The planned new block would be lower rep work, so my plan here was to work up on some relatively novel variations to try and stimulate the skill of low rep work ahead of starting the block.

It's possible box squats are no longer novel enough for this kind of thing, as I pretty quickly aggravated my right glute.  So now I have that on top of everything else, lol.

WG dead-stop presses were fun if a bit awkward to figure out the grip width and walk out.

REALLY liked the mechanical drop-set on the pull-downs.  This kind of thing is becoming more popular in the body-building world as the literature around end-range partials for hypertrophy continues to grow.  What I did here was take a long ROM pull-down to technical failure then keep going only brining my upper arms down to ~parallel.  The burn on the drop-set partials was real.  

Tuesday, August 22, 2023

Mid-Rep Volume PRs. Pivot Session E.

sRPE @7.5
BW - 225

Box Squat - up to 380X1 @9

Roman Chair Squat - BWX10, 10, 10 @7/9

Dips - up to BW+65X1 @8

Decline Bench - up to 225X3 @7.5

Cambered Bench - 135X6, 6, 6, 6 @7/8

Messing around the couple of sessions before I go on a trip.  Decided to work up on Box Squat. Everything felt really good, especially once I called spotters in.  Heaviest I've squatted to a box is 335X5, so this is certainly a PR on this lift.
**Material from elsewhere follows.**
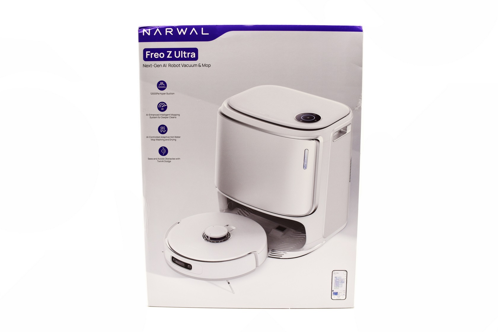 Just like its predecessor the latest Freo Z Ultra Next-Gen AI Robot Vacuum & Mop by Narwal (currently available in white and silver and grey and silver colors) uses 360 degrees LiDAR navigation (4.0 version) which this time is also paired with dual RGB cameras (1600x1200p with 136 degrees ultra-wide angle) complete with 5 LED headlights and two AI chips which determine how the robot moves and cleans your house (complete with real time object avoidance, dirtsense mode and weather adaptive cleaning). The Freo Z Ultra is also equipped with a brushless motor that sports a suction power of 12000Pa, 360 degrees sensors (anti-fall/edge cleaning/light edge), dual height adjustable triangular shaped mopping pads (spin at 180RPM, deliver up to 12N/11.2Kg scrabbing pressure and retract - 12mm - when the robot is not in mop mode), 500ml dustbin, 2 side brushes, baseboard cleaner, floating detangling roller brush and a 5200mAh lithium-ion rechargeable battery pack which should keep the Freo Z Ultra going for up to 3 and 1/2 hours. The base station this time over is not only for charging, providing fresh water (with electrolysis - 5L clean water tank, 4.5L dirty water tank) and washing and drying the mopping pads when needed (drying heat of up to 75 degrees Celsius for complete sterilization), it also has a 2.5L dust bag which can last up to 120 days thanks to dirt compression. There's also a round LCD touch display on top of the base station from where you can control the main functions of the robot if using the smartphone app is not ideal for you (or if you don't have your smartphone near you). Once again, the Narwal app allows the end user to control modes, schedule cleaning, customize cleaning routines, manage accessories, generate cleaning reports, rename rooms, set no-go zones and much more. The latest flagship model by Narwal seems to be many steps over first Freo model so let's see just how good it really is.

Worked up on Dips just because I haven't hit them in a couple of weeks.

Then a buddy from the Konjugate Krew came in and I worked in with him on Max Effort Bench stuff.  I'm sure I've done Decline Bench in my life, but I have no record of having done it going back 13 years.  So...PR?

Sunday, June 25, 2023

ME Lower Team Training

sRPE @6
BW - 221

Box Squat - up to 335X5 @9

SSB Good Morning - 
185X5 @10 (technical breakdown)
135X8 @7.5

Worked in with my Conjugate friends in a quick session because the gym was closing early.

335X5 is a Box Squat PR.  My previous best was 275X1.  335X1 is the heaviest I've gone on comp Squat this calendar year.

My previous best straight-bar GM was 135X13 so....PR?

Sunday, April 16, 2023

ME Lower Team Training

sRPE @8.5

Reverse Safety Bar Box Squats - up to 290@8.5

Sumo Rack Pulls w/Straps - up to 405X1 @8.5

Inverted Rows - BWX14, 14, 12 @8.5/9

GHR Sit-Ups - BWX14, 10, 10 @~8

Standing Cable Abs - some

Belt Squat March - 1:20@9.5

Belt Squat Static Holds - 
Full Dept X0:30 @9.5
Half Depth X0:30 @9.5

Awful.  Awfully fun!  Training with the conjugate crew.

Thursday, March 2, 2023

Mid-Rep Volume PRs. Week 6. Session B.

sRPE @6
BW - 210

Bench - 225X3 @9.5

Dips - BWX16 @10

Box Squat - 275X1, 1 @~7.5

Leg Extensions - X11, 10 @10/9

DB Full ROM Laterals - 15sX14, 11 @8/10

Last week of the training block, and I was in a hurry, so I just pushed AMRAP sets on the main lifts, and then got some quick work in on supplemental and accessory lifts. 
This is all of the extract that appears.